Everything from the first line of the material to the line containing "我们将从 App Store", inclusive, must be given again exactly; no pictures, and nothing past that line.

___ Data block

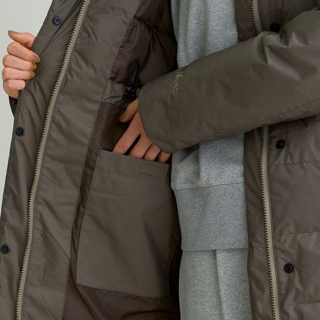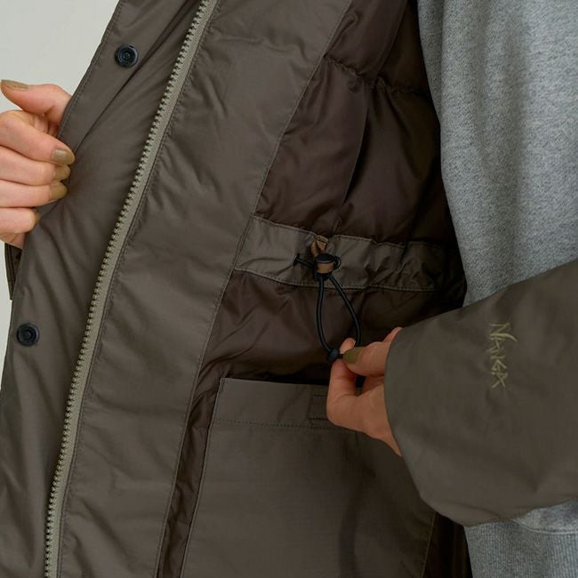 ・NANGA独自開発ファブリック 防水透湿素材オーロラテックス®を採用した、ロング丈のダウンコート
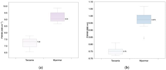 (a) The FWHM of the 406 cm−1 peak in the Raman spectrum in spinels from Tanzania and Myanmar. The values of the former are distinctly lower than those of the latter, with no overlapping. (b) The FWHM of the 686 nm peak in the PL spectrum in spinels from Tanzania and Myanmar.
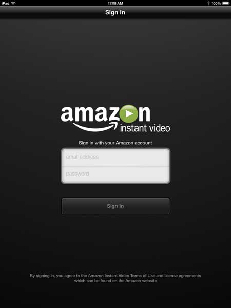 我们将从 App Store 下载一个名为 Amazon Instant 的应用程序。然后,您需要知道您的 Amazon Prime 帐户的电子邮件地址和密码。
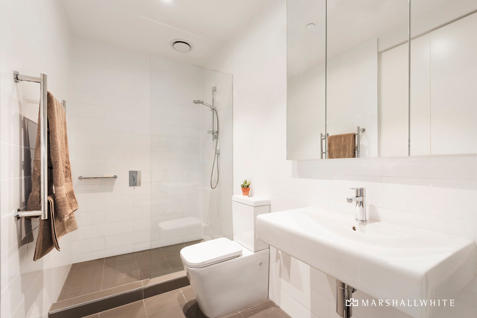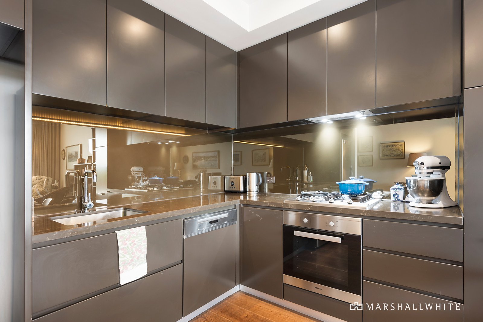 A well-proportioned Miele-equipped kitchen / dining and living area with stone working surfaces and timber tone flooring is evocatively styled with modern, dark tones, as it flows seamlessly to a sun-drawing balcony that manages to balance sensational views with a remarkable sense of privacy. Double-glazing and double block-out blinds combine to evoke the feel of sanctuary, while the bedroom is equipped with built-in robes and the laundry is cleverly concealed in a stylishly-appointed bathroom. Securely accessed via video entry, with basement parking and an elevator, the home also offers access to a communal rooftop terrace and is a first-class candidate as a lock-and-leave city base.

______

→ Expected output:
 ・NANGA独自開発ファブリック 防水透湿素材オーロラテックス®を採用した、ロング丈のダウンコート
 (a) The FWHM of the 406 cm−1 peak in the Raman spectrum in spinels from Tanzania and Myanmar. The values of the former are distinctly lower than those of the latter, with no overlapping. (b) The FWHM of the 686 nm peak in the PL spectrum in spinels from Tanzania and Myanmar.
 我们将从 App Store 下载一个名为 Amazon Instant 的应用程序。然后,您需要知道您的 Amazon Prime 帐户的电子邮件地址和密码。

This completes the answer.